A White House adviser delivered a little-noticed keynote address to a Black Lives Matter strategy summit on Thursday in Washington — and he left the crowd of activists with a single request.
Roy Austin, deputy assistant to the president for the Office of Urban Affairs, Justice and Opportunity, was the finale at the University of the District of Columbia law school’s daylong legal symposium, “From Protest Movements of the 1960s to #BlackLivesMatter: Legal Strategies for an Emerging Civil Rights Movement.” Many of the day’s presentations came from self-professed “radical” lawyer-activists, who linked systemic racism to the very foundation of America’s legal system and its capitalist economy.

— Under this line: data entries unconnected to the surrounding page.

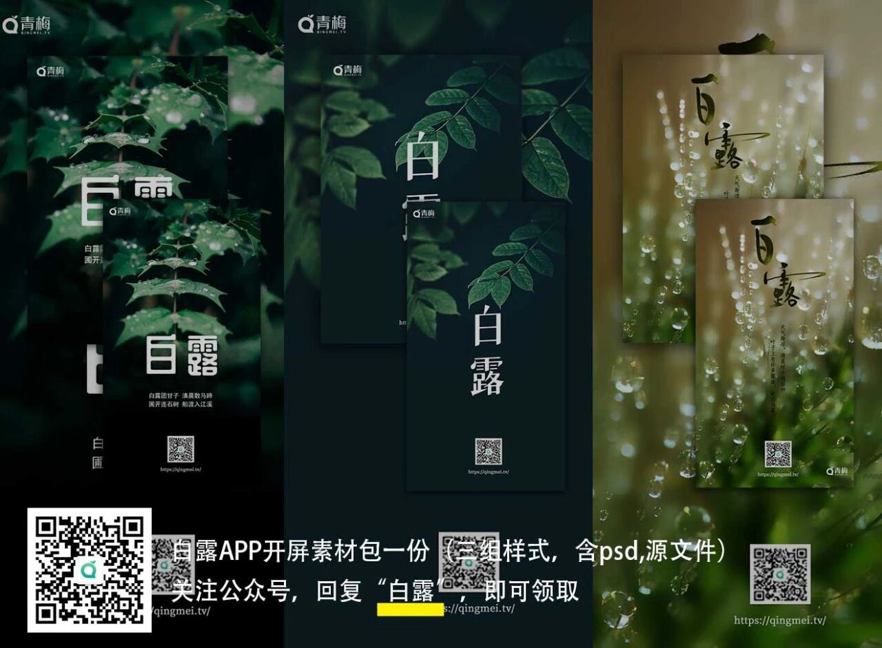 白露APP开屏素材包一份(三组样式,含PSD源文件) 关注公众号,回复“白露”,即可领取。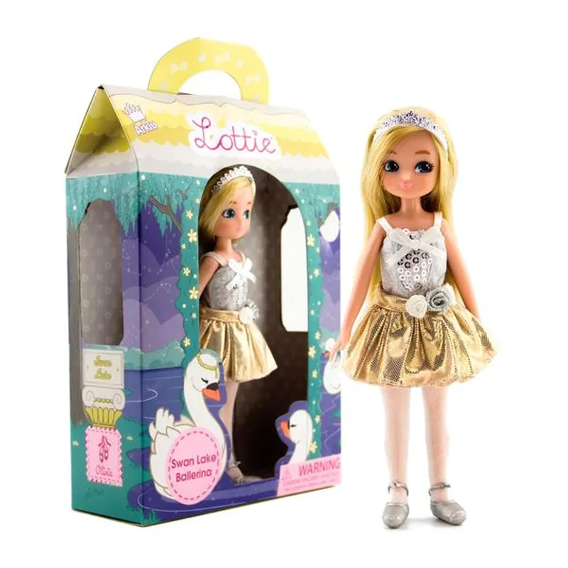 Lottie älskar att dansa balett och nu får hon vara med på säsongens stora uppsättning av Svansjön! Därför har hon nu fått extra fina balettkläder i silver och guld med paljetter, rosor och rosetter som dekoration, nästan genomskinliga vita strumpbyxor, balettskor i silver och en vacker och gnistrande tiara för speciella uppträdanden. Denna Lottie har blå ögon, ljust skinn och långt blont hår som går att sätta upp i snygga frisyrer. Den 18 cm höga dockan kan stå av sig själv, och utformades utifrån proportionerna på 9-åriga tjejer. Armar och ben kan vridas och riktas som man vill, och knäna går att böja försiktigt till tre olika positioner. Kläderna går att ta av och passar till alla andra dockor i Lottie-serien.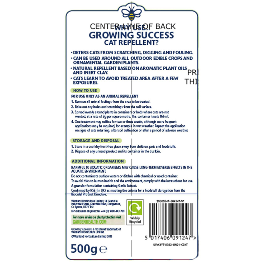 Keep cats away from your precious plants with Growing Success Cat Repellent. This 500g spray, formulated with aromatic plant oils, creates an unpleasant scent that deters cats from scratching, digging, and fouling in your garden. Simply spray directly onto edible crops and other plants to protect them from feline damage. Ensure beautiful, thriving plants all season long. Always read the instructions on the packaging before use.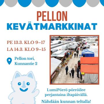Pellon kevätmarkkinat tulee taas! Markkinat pe 13.3. klo 9-17 ja la 14.3. klo 9-15 Pellon torilla osoitteessa Kunnantie 2. Tule porisemaan kunnan...
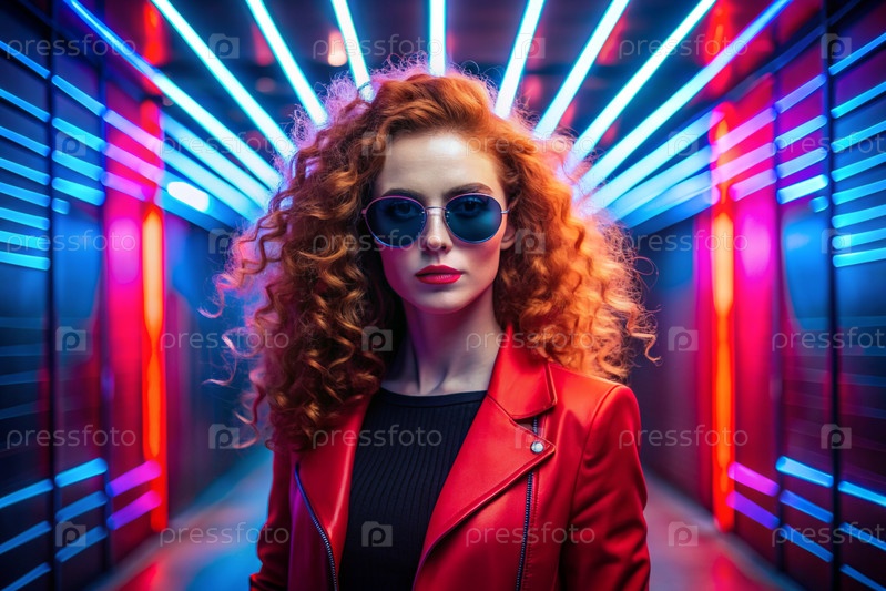 Молодая стильная красивая девушка в солнцезащитных очках стоит в неонном туннеле среди неоновых вывесок

But while these speakers talked of advancing alternatives to the free market and overhauling the law to achieve social justice, Austin’s pitch was more modest.
“We started something at the White House that’s called the Police Data Initiative,” he said. “What that does is ask every single police department to start putting their policing data — not their crime data, their policing data — up and open on the web for everyone to see.”
Austin said this would include “all your use-of-force cases, all your officer-involved shooting cases, all your citations, all your officer injury cases, all your complaints.” He urged the audience to join with Obama and encouraged police departments across the country to adopt these practices.
Austin’s speech represented the latest instance of the White House interfacing with Black Lives Matter, an activist movement that swelled over the past few years after outrage over police-involved deaths of unarmed black citizens. The movement has faced criticism, particularly from conservatives, for its virulent rhetoric against law enforcement, property destruction during demonstrations and supposed suggestions that every life isn’t important. Responding to this “All Lives Matter” rebuttal, activists have said their point is that black lives ought to matter, yet they aren’t valued in contemporary society.
Obama met at the White House in February with high-profile activist DeRay Mckesson, who reported that they discussed a host of issues including police standards for use of force, juvenile solitary confinement and “school-to-prison pipeline.” Austin was there, and he told Thursday’s summit that activist voices must continue to be part of policing reform.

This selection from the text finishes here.